The Congressional Joint Committee on Taxation
(JCT) recently published its General Explanation of Tax Legislation Enacted
in the 110th Congress. This alone spanned
642 pages!
Worst of all is the rising threat from the specter
of the AMT, a parallel and complex tax system once aimed at ensuring the
rich paid a substantial tax bill. By 2010, more than 30 million taxpayers
will have to compute and pay the AMT; that number will rise after 2010 if
the current tax rates are extended.
This tax complexity monster is already striking
unsuspecting taxpayers, some earning less than $50,000 per year. The IRS
National Taxpayer Advocate notes that the AMT is "so complicated that many
taxpayers are not aware that they may be subject to it."
In many cases, taxpayers must decipher a separate
instruction booklet, and then fill out a 55-line form, only to discover they
don't owe the AMT. This exercise is a major detour in tax preparation. No
wonder about eight in 10 taxpayers who owe the AMT pay a tax professional
to compute their taxes.
Though tax rate brackets, personal exemptions,
and the standard deduction rise with inflation, the AMT tax structure remains
frozen. Each year, the AMT identifies a growing number of taxpayers as "rich" even
though their real income hasn't changed.
Congress and the President waited until after
Christmas Day of 2007 to enact a one-year "patch" sparing about 20 million
Americans from having to wrestle with the AMT ... or did it? Because Washington
was so late to act, the IRS was forced to reprogram and test its systems
after the agency had already prepared for a tax filing season without the
patch. As a result, taxpayers with possible AMT issues were told to wait
until February 11 last year to file their returns. This included not only
taxpayers filling out the AMT form, but also those using five other forms
with AMT consequences – including Schedule 2 of Form 1040A, Child
and Dependent Care Expenses.
The best solution for the AMT is to simply get
rid of it altogether, a remedy repeatedly recommended by the IRS National
Taxpayer Advocate. But if Congress can't or won't do that, then it should
at least adjust the tax's application to avoid a complexity nightmare for
taxpayers and the IRS. Unless Congress acts soon, one in four tax filers
will pay the AMT, and half of all married filers with dependents will be
liable.
Federal
Law Orders Cut in Paperwork, but Tax Paperwork Burden Rises
In an attempt to bring the paperwork burden under
control, Congress passed the Paperwork Reduction Act of 1995. According to
the Office of Management and Budget (OMB), the new law "set an annual government-wide
goal for the reduction of the total information collection burden of 10 percent
during each of Fiscal Years 1996 and 1997 and 5 percent during each of Fiscal
Years 1998 through 2001. The baseline is the total burden of information
collections as of the end of FY 1995."
By that measurement, the law has been a failure,
largely due to the increasing burdens at the IRS, which accounts for nearly
80 percent of the federal government's entire paperwork load imposed on citizens.

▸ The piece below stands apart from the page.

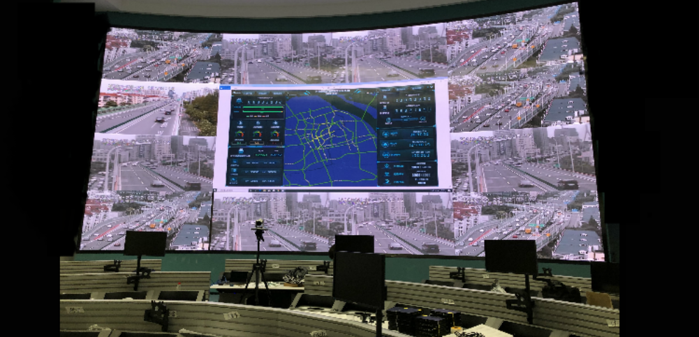 上海市交通委員會(huì)交通指揮中心項(xiàng)目COB超高清顯示主屏寬12.16米、高5.814米,分辨率7680點(diǎn)×3672點(diǎn),通過弧形拼接實(shí)現(xiàn)70.7平方米整屏無縫顯示。
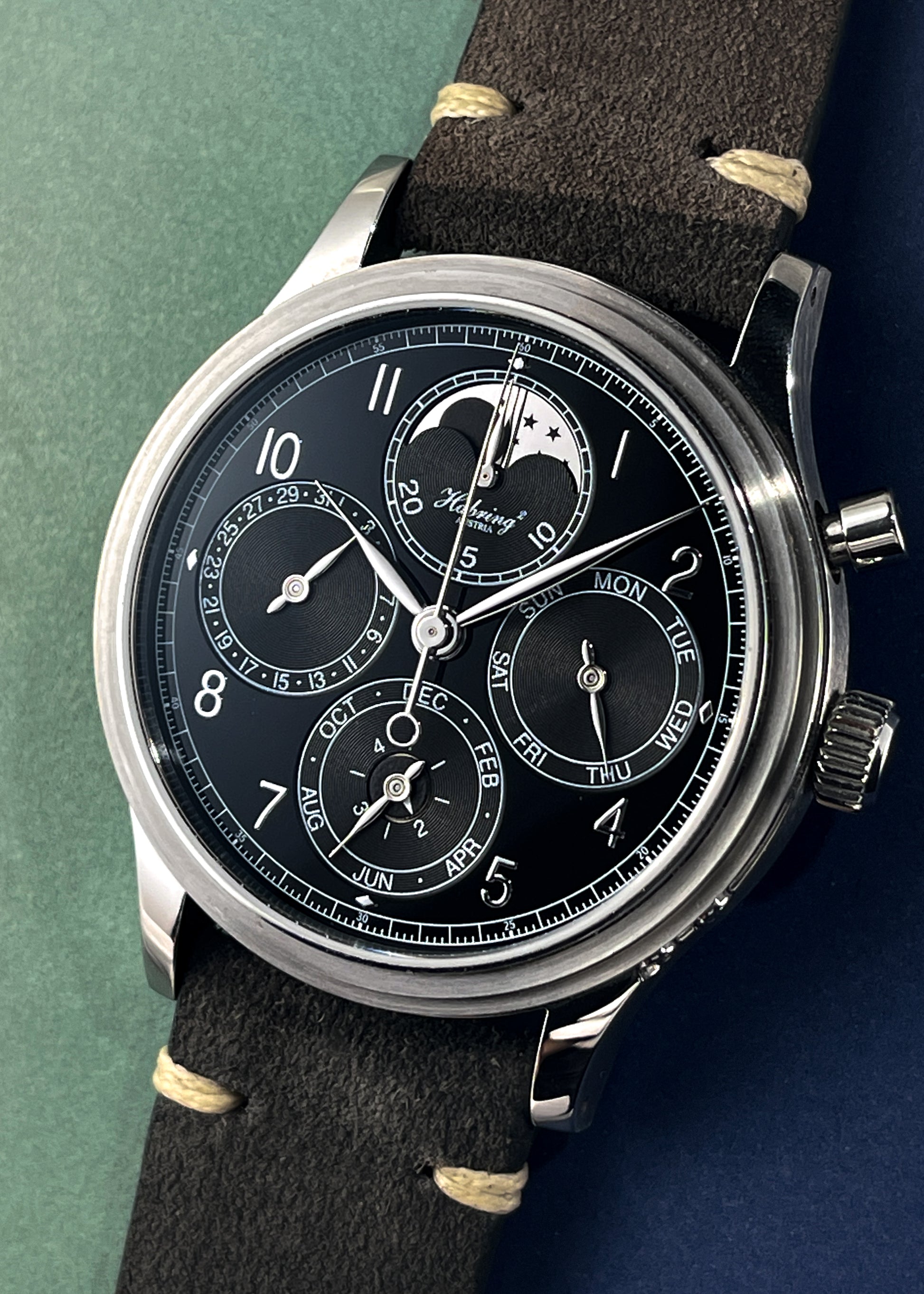 A stellar offering from Habring² is this Chrono-Felix Perpetual in collaboration with Massena LAB. For this watch with Perpetual Calendar, Moonphase and Monopusher Chronograph, Habring² utilizes their in-house A11CP caliber with 48 hour reserve all constrained in a compact 12mm thick case (including crystal).

Yet the IRS is not to blame for the rise in the
paperwork. The Government Accountability Office (GAO) praised the IRS for
being one of only two agencies in the entire government that had implemented
a procedure that reduced paperwork. Unfortunately, Congress is adding to
the tax laws' complexity faster than the IRS can simplify its forms.
The new method of computing filing burdens could
help taxpayers get a break from the onslaught of complexity if Congress puts
it to work. The OMB reports that by using the new tax complexity model, the "IRS
will now be able to analyze the burden impacts of proposals to revise the
Tax Code or IRS administrative procedures. For the first time, the burden
implications of achieving policy objectives through new legislative and administrative
tax proposals can be estimated and considered before the changes are adopted and
implemented."
The new methodology resulted in significant revision
of the total time spent filing returns, with hundreds of millions of hours
added to the burden. This does not mean
the paperwork burden changed by exactly that
amount. In addition to statutory and administrative changes, the estimate of the burden
increased under the new method.
An earlier Paperwork Reduction Act passed in
1980 required federal agencies to track the burden imposed on citizens and
businesses by their forms and recordkeeping requirements. To comply with
the law, the IRS commissioned Arthur D. Little to undertake an estimate of
tax compliance costs for the tax year 1983. This survey was the basis for
the methodology used to track tax paperwork burdens that the IRS finalized
with the 1988 tax year.
Paperwork Burden Hours
Department of the Treasury
|
Fiscal Year
|
Burden Hours
(In Millions)
|
Paperwork Reduction Act of
1995 Target
(In Millions)
|
Cumulative Increase Since
1995
|
Compared to Target
(In Millions)
|
|
1995
|
5,331.30
|
|
|
|
|
1996
|
5,352.85
|
4,798.17
|
0.4 percent
|
554.68
|
|
1997
|
5,582.12
|
4,318.35
|
4.7 percent
|
1,263.77
|
|
1998
|
5,702.24
|
4,102.44
|
7.0 percent
|
1,599.80
|
|
1999
|
5,909.07
|
3,897.31
|
10.8 percent
|
2,011.76
|
|
2000
|
6,156.80
|
3,702.45
|
15.5 percent
|
2,454.35
|
|
2001
|
6,415.85
|
|
|
|
|
2002
|
6,750.43
|
|
|
|
|
2003
|
6,589.76
|
|
|
|
|
2004
|
6,406.18
|
|
|
|
|
2005
|
6,434.98
|
|
|
|
|
2006
|
6,965.63
|
|
|
|
|
2009*
|
7,747.24
|
|
|
|
|
From the Information Collection Budget, Office of Management
and Budget (OMB). Target hours assume Treasury Department reductions
meet the law's overall average reduction for all federal paperwork.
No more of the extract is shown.